Task prompt:
Print the listing from its top line through the line containing "Nicholas of Myra", nothing more, and leave out the pictures.

Data section:
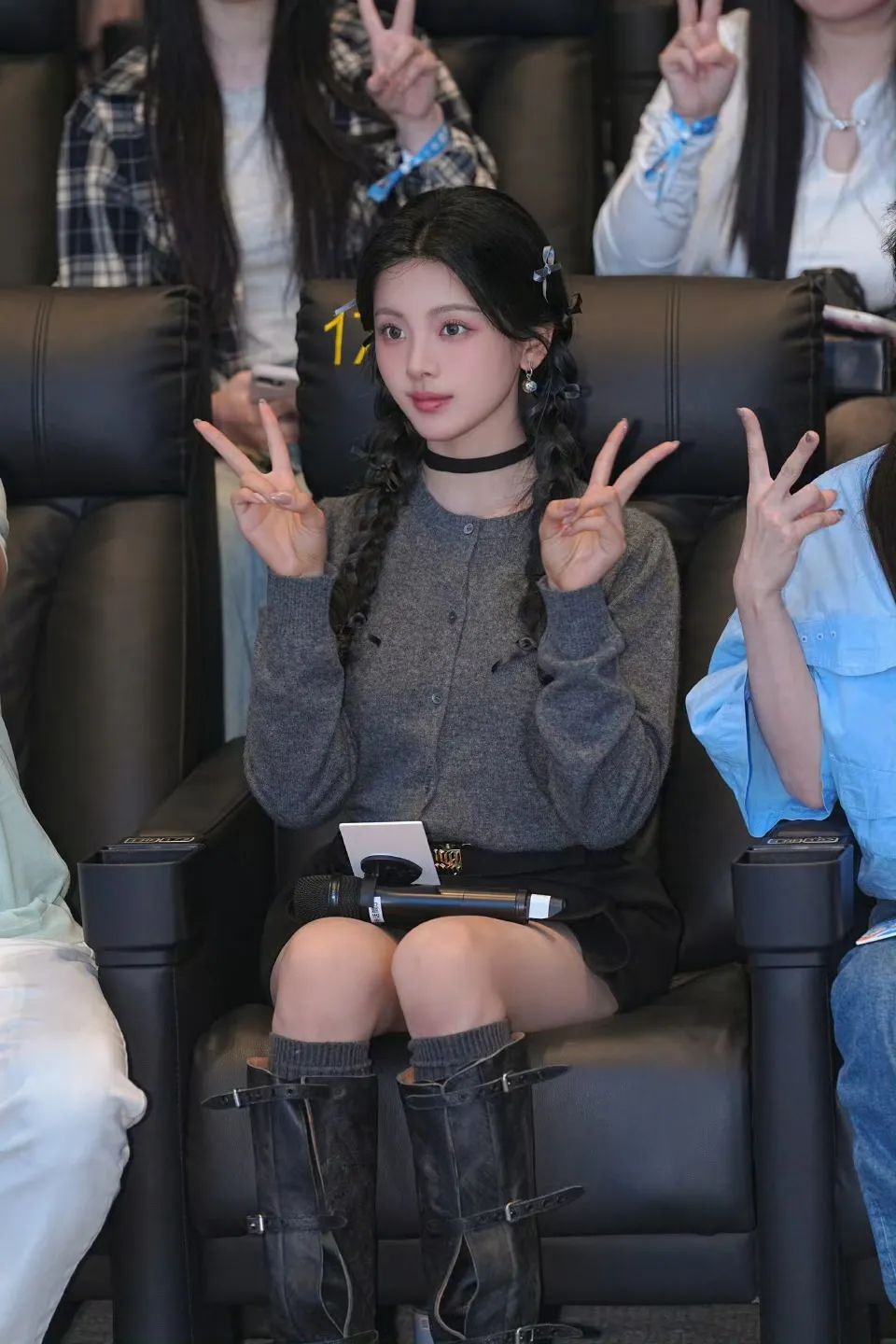 而换上没有波点的简单灰色开衫,杨超越选择搭配一双机车长靴来增加造型的份量感,另外choker的加入让这一身不会陷入单调,呈现出丰富的层次感带来别样乐趣。
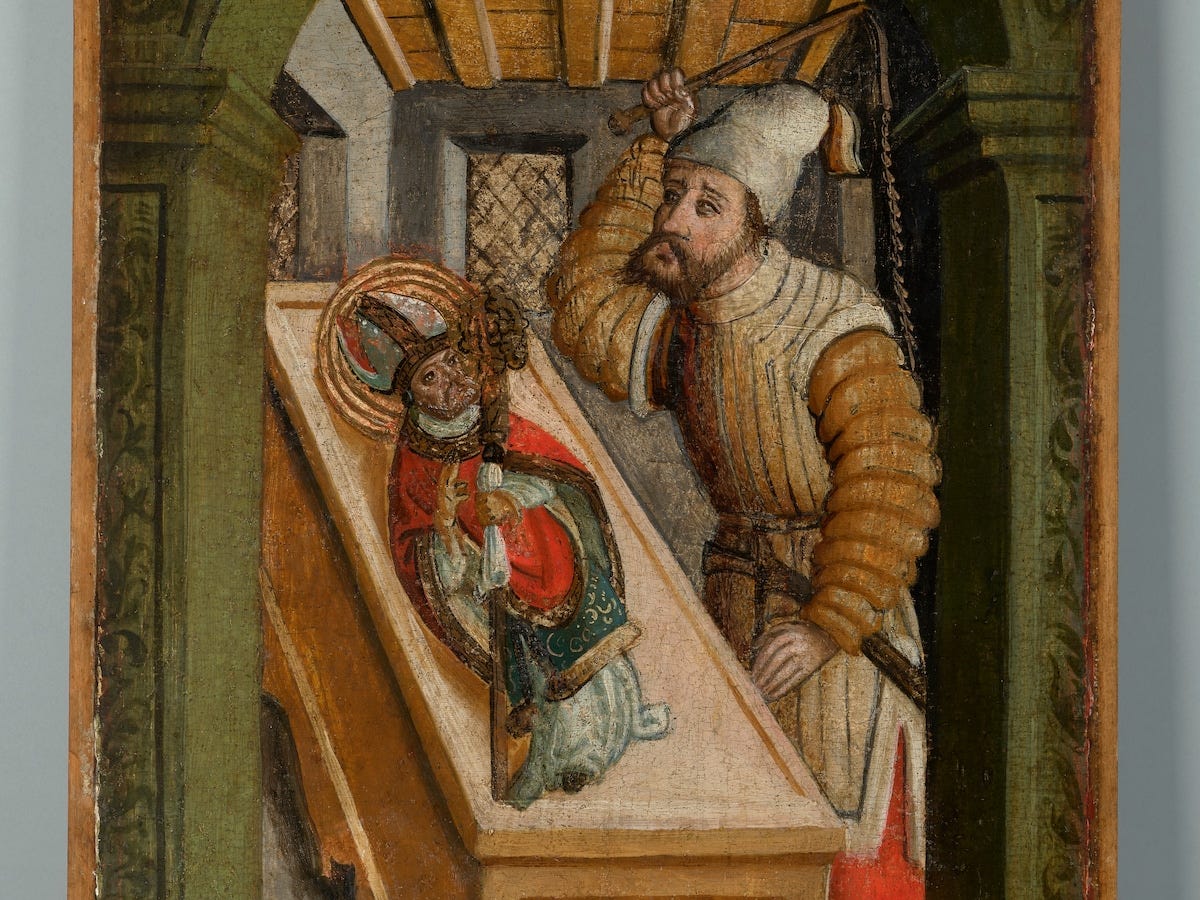 Nicholas of Myra was a fourth-century bishop in what is now Turkey. At the Council of Nicaea in 325, when the heretic Arius denied Christ’s divinity, Nicholas reportedly struck him in the face. So the other bishops stripped Nicholas of his vestments for this breach of decorum. That night, Christ and Mary appeared to several bishops in dreams, commanding them to restore Nicholas. The vestments were returned.
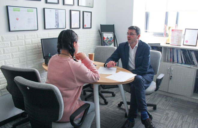 有位同学谈到了自己对高中现阶段的课程设置不满意,Chris继而深入这个问题,详细了解了这位同学感兴趣和不感兴趣的领域以及原因,并帮她梳理了优势和规划。通过这种“聊天”式的面试,这位同学最后也意识到原来选择伦敦大学预科课程除了能很好的贴合的自己的兴趣,也是一个转换专业的崭新机会。
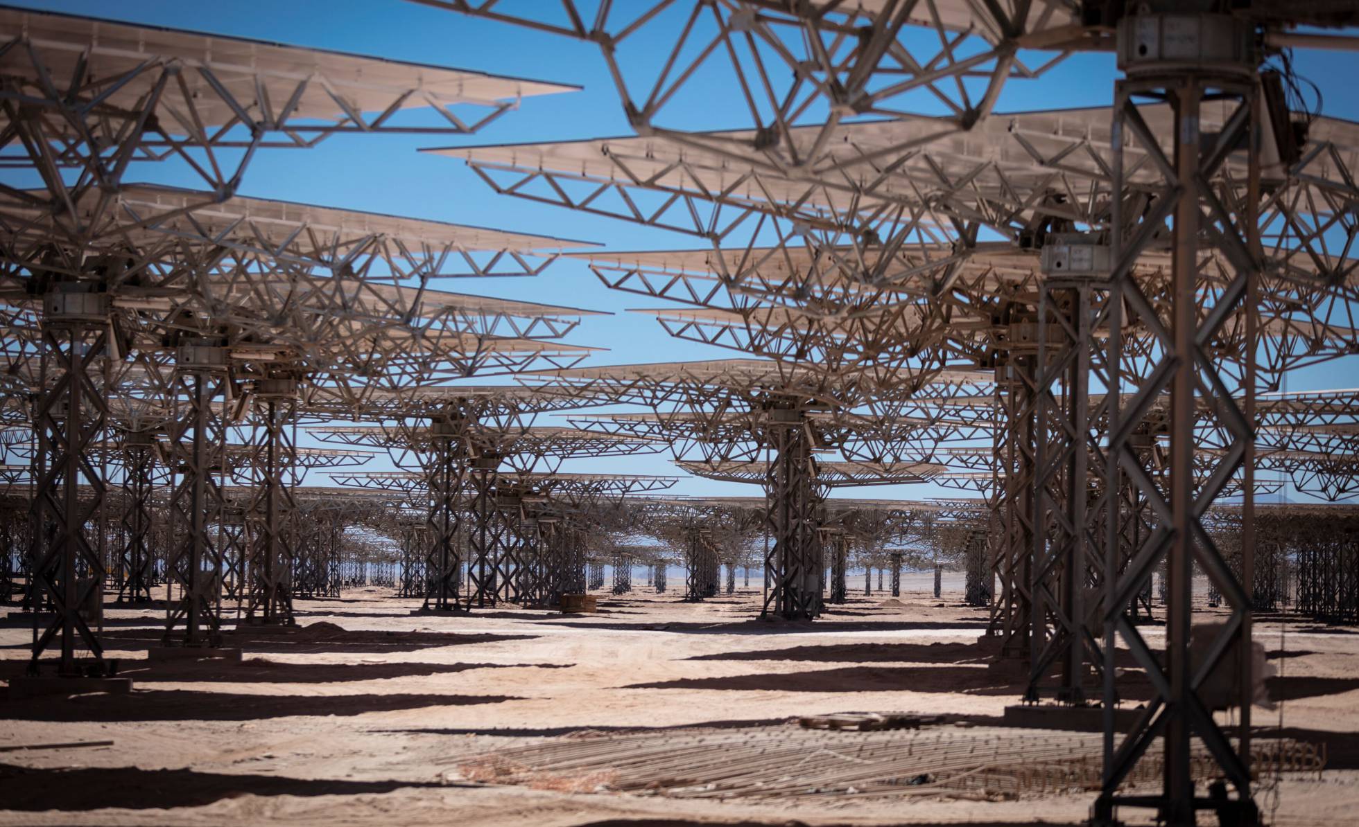 En el desierto de Atacama, en el norte de Chile, la radiación pega como en ningún otro lugar del planeta. El doble que en Dubái. Mucho más que en Marruecos. No existen casi días nublados, el cielo luce totalmente celeste y la humedad es inexistente. Es, por tanto, la mejor zona para aprovechar los rayos del sol y convertirlos en energía, según explican los ingenieros a cargo de Cerro Dominador, la primera planta termosolar de América Latina, que comenzará a funcionar en mayo. Está instalada en medio de la nada, a una hora en coche de la localidad de Calama —una de las principales ciudades mineras del país– y junto a un proyecto fotovoltaico ubicado en el mismo complejo. Generará energía suficiente para alimentar 240.000 hogares con 640.000 toneladas menos de emisiones de CO2, que equivale a lo que generan unos 357.000 coches.

Result:
 而换上没有波点的简单灰色开衫,杨超越选择搭配一双机车长靴来增加造型的份量感,另外choker的加入让这一身不会陷入单调,呈现出丰富的层次感带来别样乐趣。
 Nicholas of Myra was a fourth-century bishop in what is now Turkey. At the Council of Nicaea in 325, when the heretic Arius denied Christ’s divinity, Nicholas reportedly struck him in the face. So the other bishops stripped Nicholas of his vestments for this breach of decorum. That night, Christ and Mary appeared to several bishops in dreams, commanding them to restore Nicholas. The vestments were returned.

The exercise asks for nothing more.